What you have to do: Records follow. Print exactly the lines from the one that has "A comparative overview" through the one that has "Жительница Екатеринбурга направила", inclusive, and omit the pictures.

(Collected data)
○ ○ ○ ○ ○
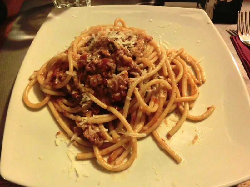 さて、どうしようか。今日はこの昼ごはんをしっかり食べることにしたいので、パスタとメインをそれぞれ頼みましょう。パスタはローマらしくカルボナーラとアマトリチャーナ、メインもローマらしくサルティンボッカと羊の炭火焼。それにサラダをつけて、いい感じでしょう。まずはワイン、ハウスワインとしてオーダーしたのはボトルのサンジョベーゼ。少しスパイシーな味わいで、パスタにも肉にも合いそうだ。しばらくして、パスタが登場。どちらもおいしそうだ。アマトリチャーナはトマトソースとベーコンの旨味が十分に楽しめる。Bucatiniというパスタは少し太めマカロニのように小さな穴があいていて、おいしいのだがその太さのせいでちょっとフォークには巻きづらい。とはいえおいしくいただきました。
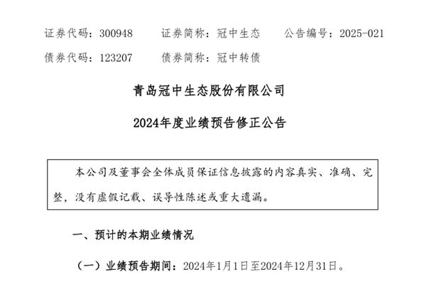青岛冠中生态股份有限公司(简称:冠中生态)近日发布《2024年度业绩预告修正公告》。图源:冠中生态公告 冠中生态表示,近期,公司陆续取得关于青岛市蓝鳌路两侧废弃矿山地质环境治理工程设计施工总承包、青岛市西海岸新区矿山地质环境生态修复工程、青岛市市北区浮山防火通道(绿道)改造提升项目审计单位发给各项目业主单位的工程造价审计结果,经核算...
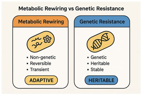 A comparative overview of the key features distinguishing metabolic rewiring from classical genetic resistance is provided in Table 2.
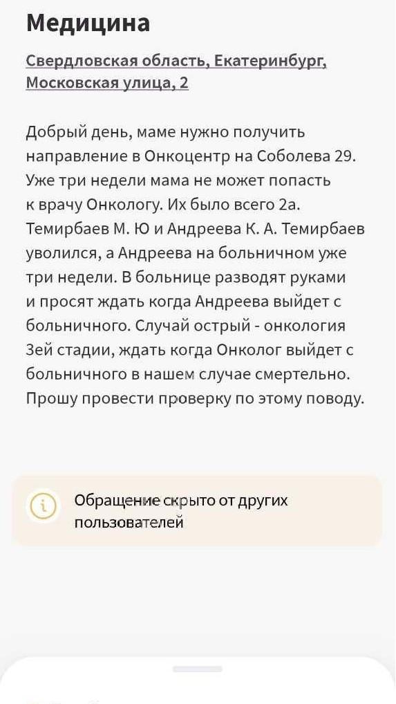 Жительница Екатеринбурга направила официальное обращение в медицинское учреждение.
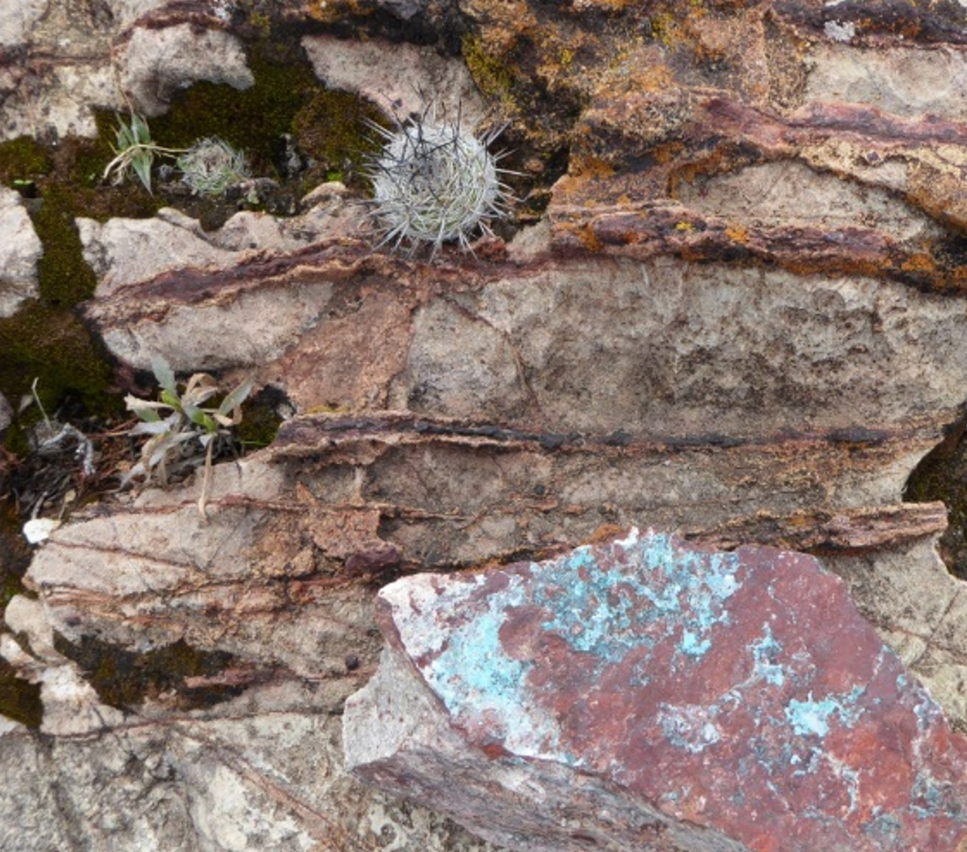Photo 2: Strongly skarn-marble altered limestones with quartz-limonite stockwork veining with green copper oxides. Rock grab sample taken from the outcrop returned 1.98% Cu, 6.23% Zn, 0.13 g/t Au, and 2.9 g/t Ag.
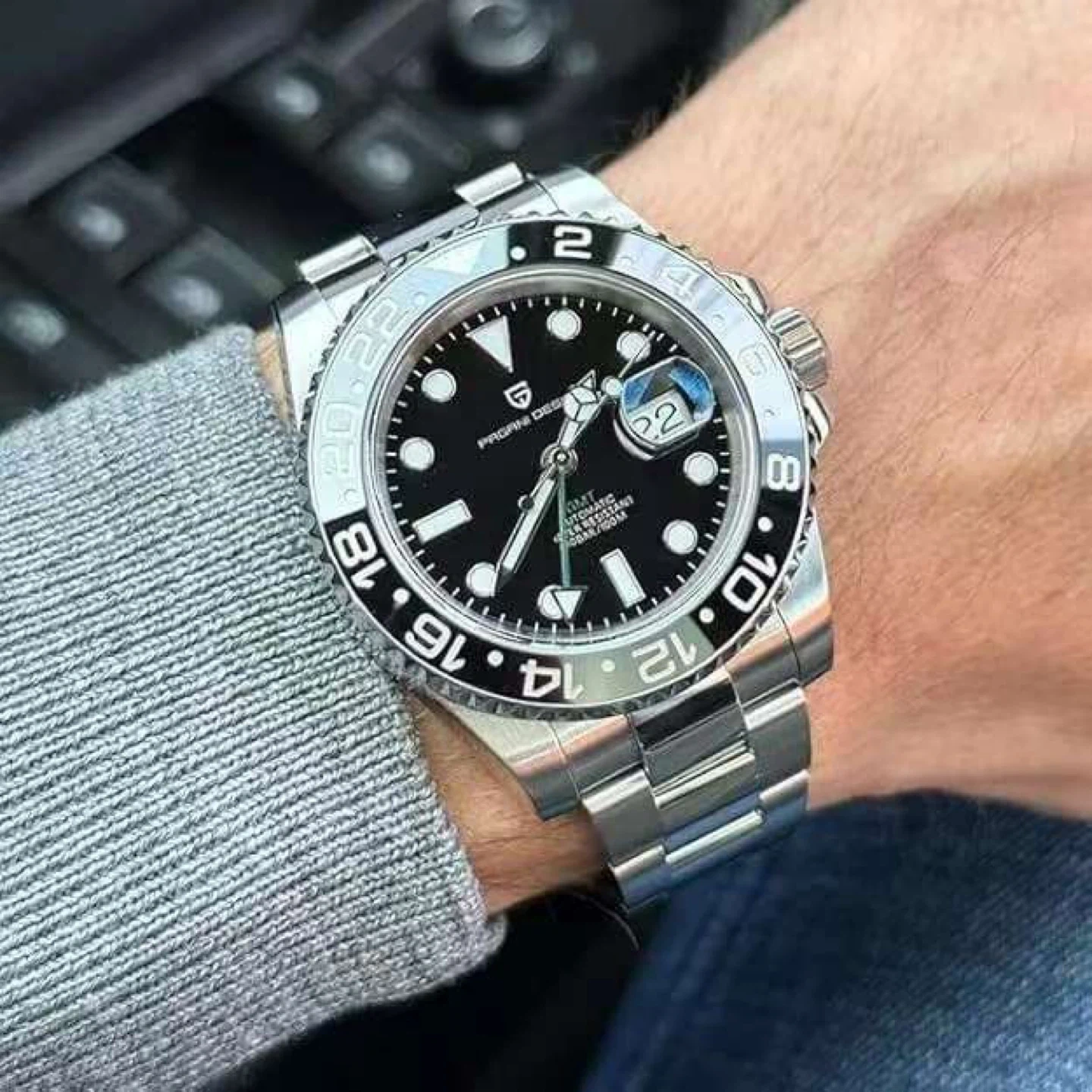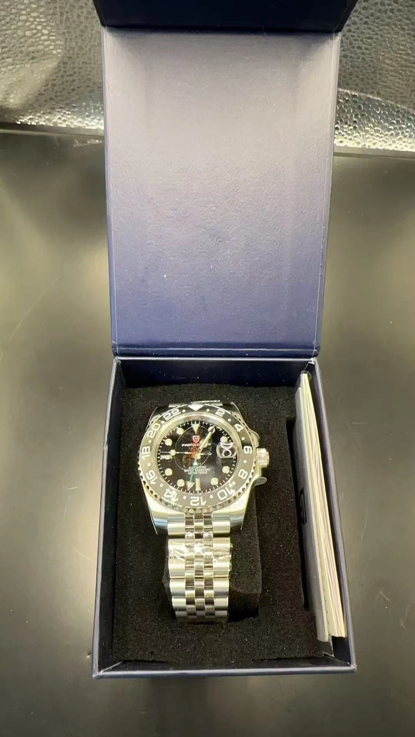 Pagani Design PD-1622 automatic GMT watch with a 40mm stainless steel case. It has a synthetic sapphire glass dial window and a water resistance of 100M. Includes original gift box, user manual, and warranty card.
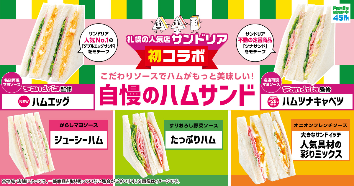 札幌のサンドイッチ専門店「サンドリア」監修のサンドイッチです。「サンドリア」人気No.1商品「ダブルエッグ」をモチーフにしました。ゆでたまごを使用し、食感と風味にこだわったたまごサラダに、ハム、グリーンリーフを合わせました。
○ ○ ○ ○ ○
Your solution:
 A comparative overview of the key features distinguishing metabolic rewiring from classical genetic resistance is provided in Table 2.
 Жительница Екатеринбурга направила официальное обращение в медицинское учреждение.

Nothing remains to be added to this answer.